- This may impact all HCX NE Appliances HA and without HA, where connection is unstable with HCX Manager.
- There will be NO impact to migration services.
This document is created as a reference for the HCX Network Extension (NE) appliance unexpected memory consumption and how to recover that.
HCX Network Extension (NE) appliance VM may experience high memory condition during operation stage.

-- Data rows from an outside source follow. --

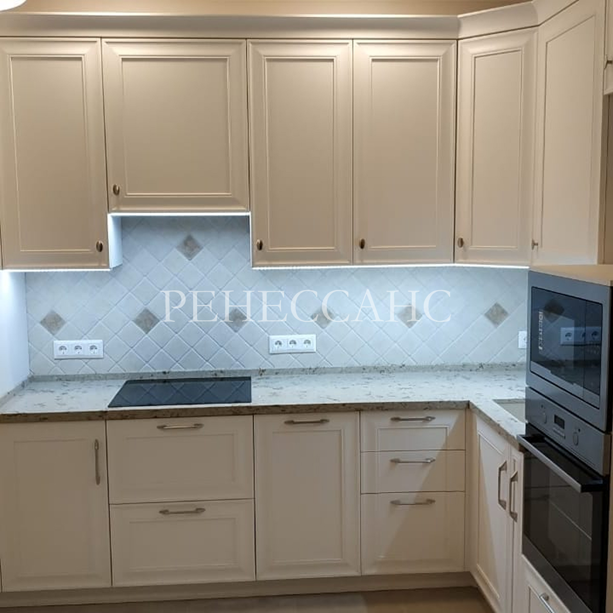 Угловая кухня в классическом стиле со светло-бежевыми фасадами с рамочной фрезеровкой и столешницей под светлый мрамор. Верхние навесные шкафы выполнены с классической фрезеровкой, хромированными ручками-кнопками и встроенной светодиодной подсветкой рабочей зоны. Нижние модули оснащены выдвижными ящиками и распашными дверцами с хромированными ручками. Столешница изготовлена из материала под светлый мрамор с серо-бежевыми прожилками и оснащена встроенной варочной панелью. Гарнитур предусматривает интеграцию встраиваемой техники. Светло-бежевый цвет с классической фрезеровкой в сочетании с элегантной столешницей и функциональной подсветкой создает уютное и традиционное кухонное пространство.
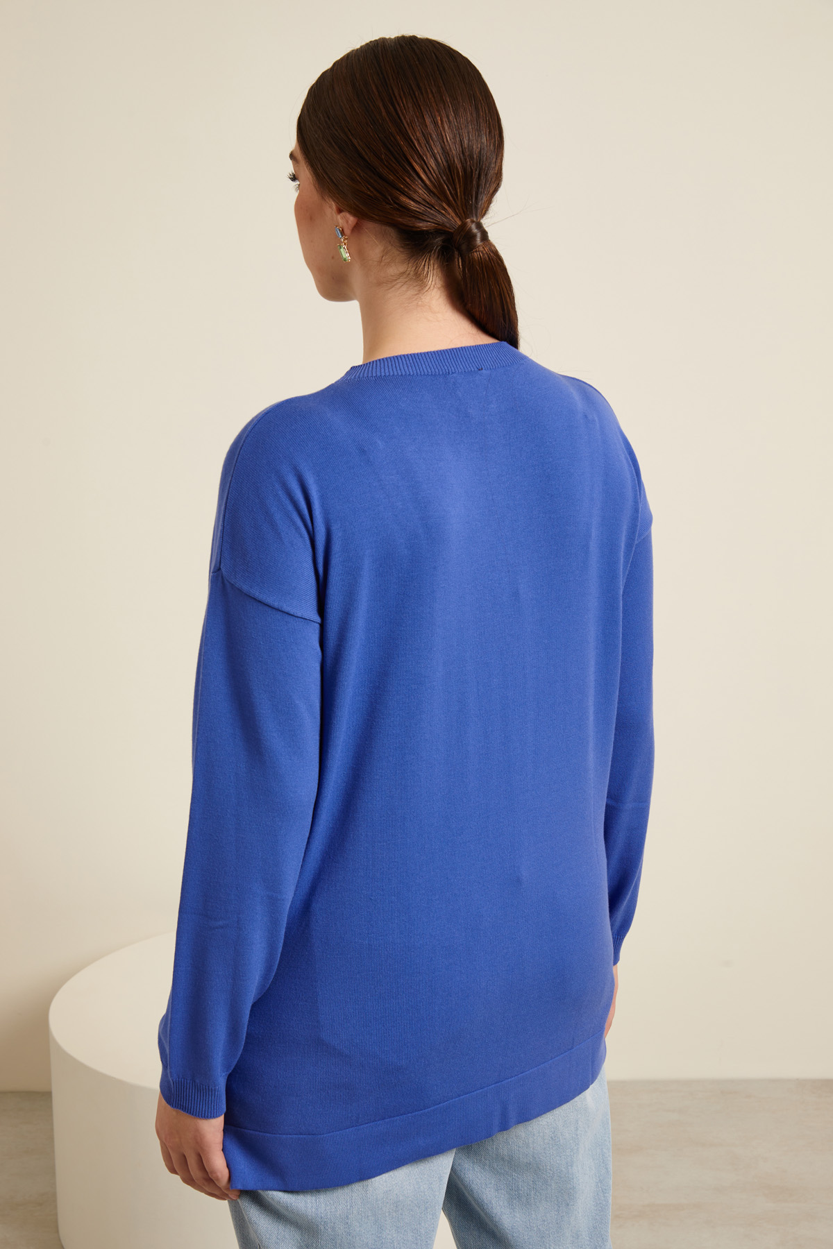 Maglia dalla linea morbida in viscosa stretch con girocollo, maniche lunghe dal giro sceso, spacchetti laterali al fondo. Collo e polsini rifiniti con lavorazione a coste.
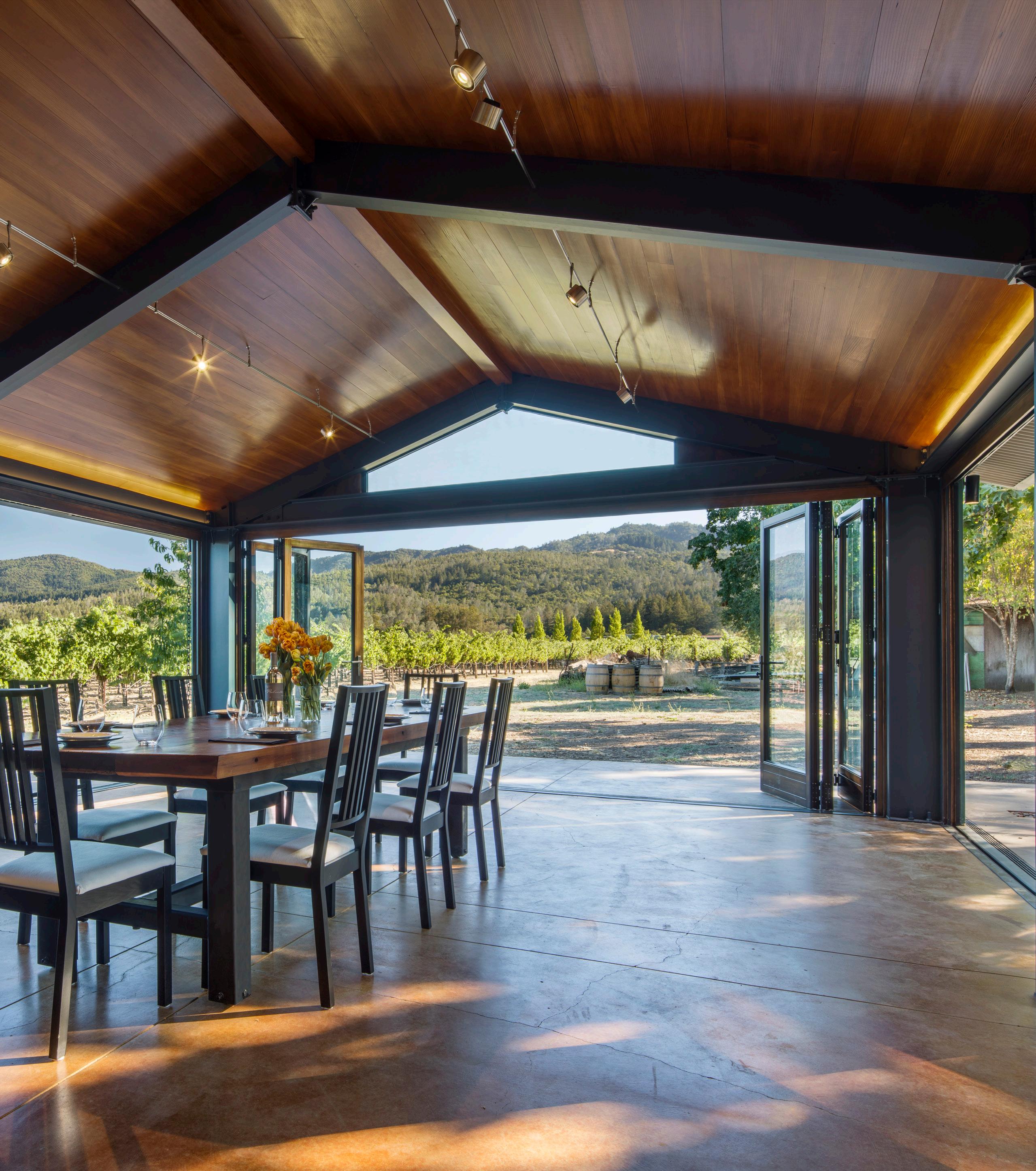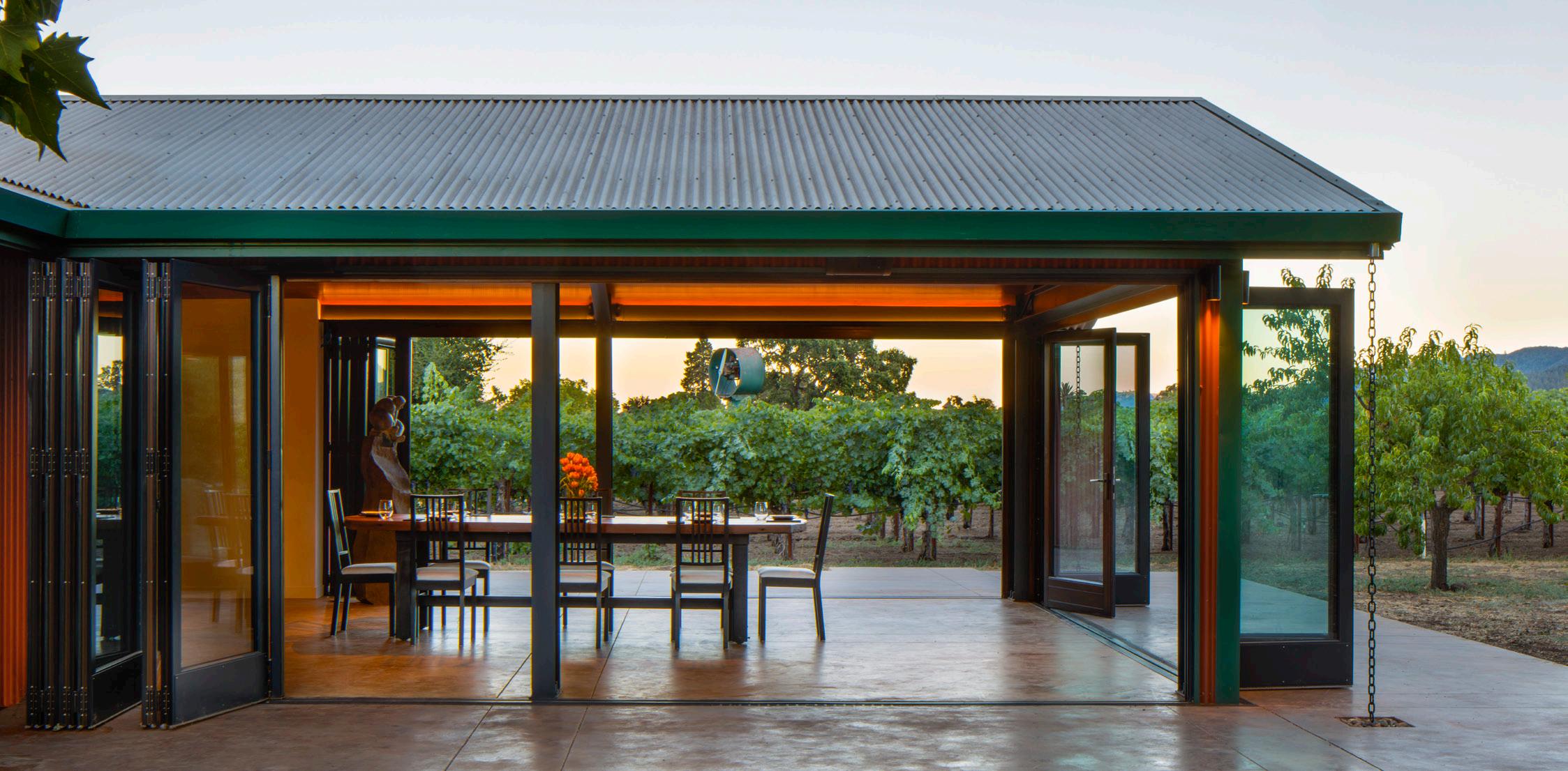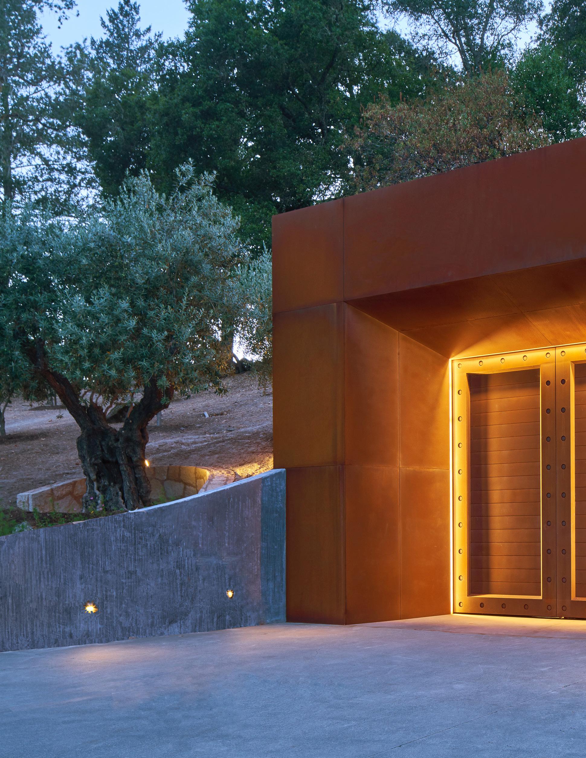 The big move in this wine cave entrance is, in a sense, the design itself; a prominent cube nestled into the hillside highlighting the point at which one enters the cave.
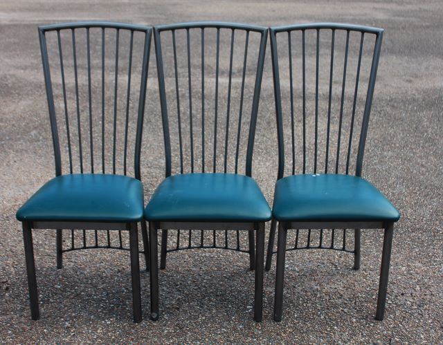 Three Metal Chairs, padded seats Three Metal Chairs, padded seats
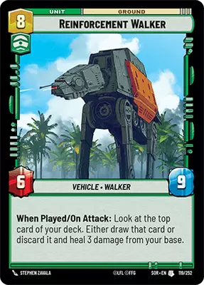When Played/On Attack: Look at the top card of your deck. Either draw that card or discard it and heal 3 damage from your base.
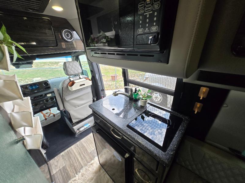 It won't be long before this American Patriot Class B gas motorhome becomes your favorite way to travel! Because of its easy maneuverability down the road compared to larger, bulkier RVs and its fully equipped interior, this coach is all that you could hope for. There are plenty of overhead cabinets to store your belongings, a kitchen that comes stocked with an induction cooktop and stainless steel microwave, an excellent lounge area with power sofa bed and rear HDTV, and a wet bath that comes with a retractable clothes line. If you need to get some work done, you can use the custom work station behind the driver's seat to do so.
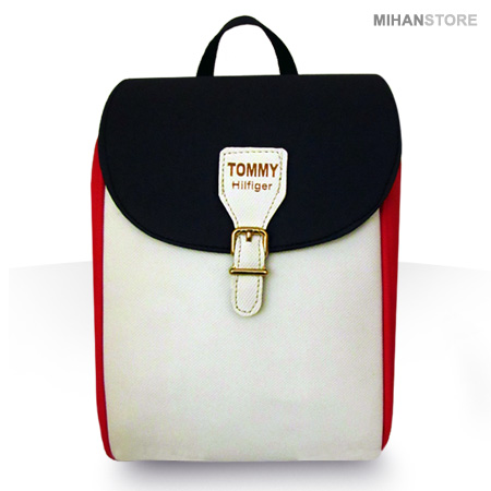 کوله پشتی TOMMY HILFIGER بسیار زیبا، با اندازه ی متوسط و دارای طراحی خاص می باشد. روی کیف با یک گیره طلایی رنگ تزئین شده است. یک زیپ پشت کیف قرار دارد که مناسب قرار دادن کارت های اعتباری و وسایل کم حجم مشابه می باشد. دارای یک بخش اصلی می باشد که با استفاده از زیپ یک طرفه باز و بسته می شود. در داخل و پشت کیف دو عدد جیب زیپ دار قرار دارد. داخل کیف با آستر طرح دار دوخته شده است. دارای دو بند دوشی و یک بند کوچک دستی می باشد. بندهای دوشی در بلندترین حالت خود دارای 100 سانتی متر ارتفاع می باشد که می توانید به دلخواه اندازه ی آن را تغییر دهید. استایل کار نیمه رسمی و مناسب برای استفاده روزانه و مهمانی های دوستانه می باشد. ویژگی برتر این محصول کیفیت فوق العاده آن می باشد.
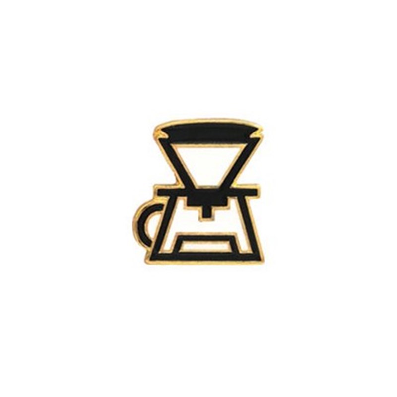 - Diseño Minimalista: Pin en forma de cafetera de goteo, con detalles en color negro, perfecto para un toque sutil y elegante.
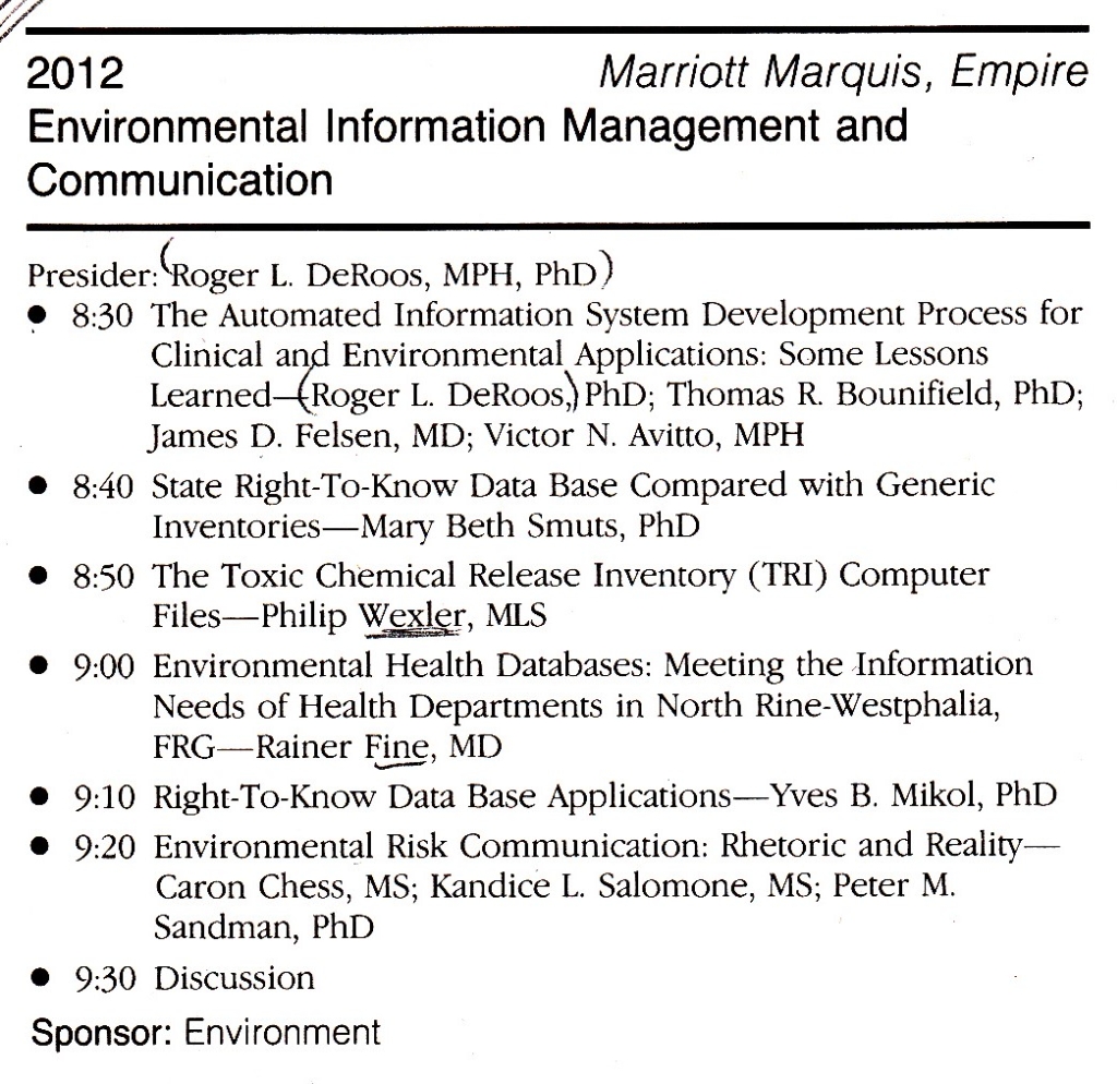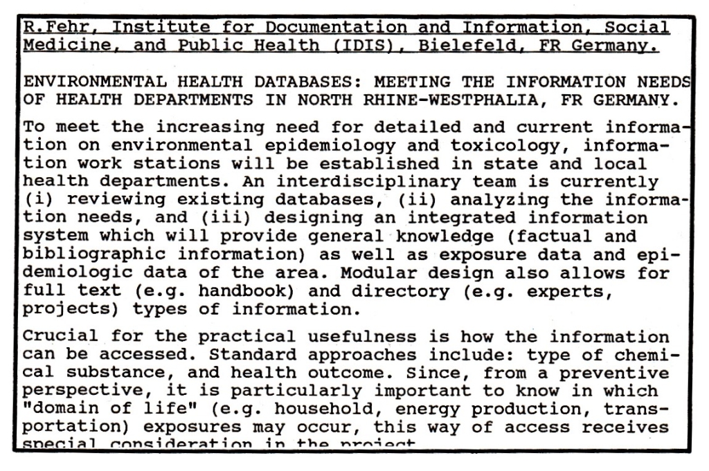 - R. Fehr: Environmental Health databases: Meeting the information needs of health departments in North Rhine-Westphalia. Abstract Book, p.82. Session 2012, Environmental Information Management and Communication. Marriot Marquis, Empire. Sponsor: Environment section, 2.10.1990, Program Book, p.86 [90-03]
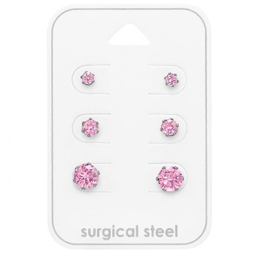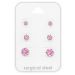 Korvakorut 3 paria Stainless Steel Pink – Koot 3 mm, 4 mm ja 5 mm
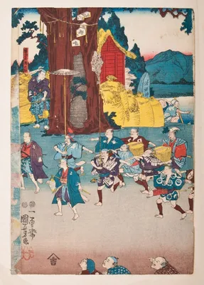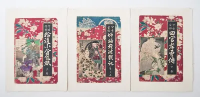 Triptych. Japanese woodcut. Ca. 1875. 37 x 25 cm.
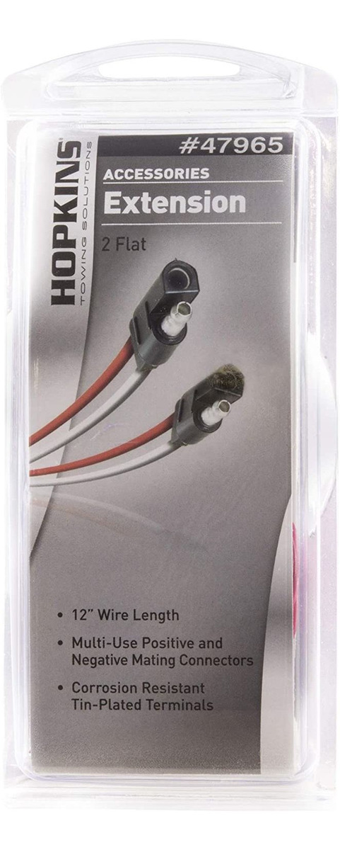 Multi-uso positivo / conectores de acoplamiento negativos; terminales de estañado resistentes a la corrosión; alambre de cobre de calibre 16; 12 pulgadas de longitud; Fácil de usar Hopkins Manufacturing Corporation hace que su experiencia de remolque simple y más gratificante a través de la innovación y el valor. Hopkins ofrece una variedad de soluciones de remolque, incluyendo kits de cableado del vehículo, adaptadores, conectores del vehículo y del remolque, sistemas de ruptura y mucho más. Hoy en día, más del 40 porcentaje de ventas al por menor categoría se genera a partir de las innovaciones Hopkins. Todos nuestros productos estan en inglés SKU 70720016722

Below dump could be seen in the logs:
2023-07-15T09:47:18+00:00 NE-R1 GatewayLogs[1061]: [Warning-ops] : Memory usage is probably high (free: %4) 2023-07-15T23:53:14+00:00 NE-R1 ndd[1067]: fatal error: runtime: out of memory 2023-07-15T23:53:14+00:00 NE-R1 ndd[1067]: runtime stack: 2023-07-15T23:53:14+00:00 NE-R1 ndd[1067]: runtime.throw(0xa466d5, 0x16) 2023-07-15T23:53:14+00:00 NE-R1 ndd[1067]: /usr/local/go/src/runtime/panic.go:774 +0x72 2023-07-15T23:53:14+00:00 NE-R1 ndd[1067]: runtime.sysMap(0xc07c000000, 0x4000000, 0xf11cd8)
Location of Appliance log:
HCX Manager : /tmp/Fleet-Appliances/Service Mesh/NE-Appliance/var/log/messages
NE appliance : /var/log/messages
Vmware HCX
This should be considered as a corner case, which may appear in those environments/infrastructure where network connection between NE Appliance and HCX Manager is unstable and somehow causing the NDD (Network Detection Daemon Service) grpc stream to end unexpectedly and keep reconnecting again.
This issue is fixed in HCX 4.8.0 version.
Workaround:
As a workaround, user is recommended to follow below steps:
# systemctl stop ndd # systemctl disable ndd
Note: Please apply the above step to all NE Appliances where OOM condition has been observed.
IMPORTANT: After disabling NDD service from NE Appliance VM, there won't be any impact in the system from traffic forwarding and stability perspective. However, Transport Analytics feature won't be functional after disabling NDD service for those NE Appliances. On-Demand bandwidth testing can be used as an alternative to the Transport Analytics feature instead.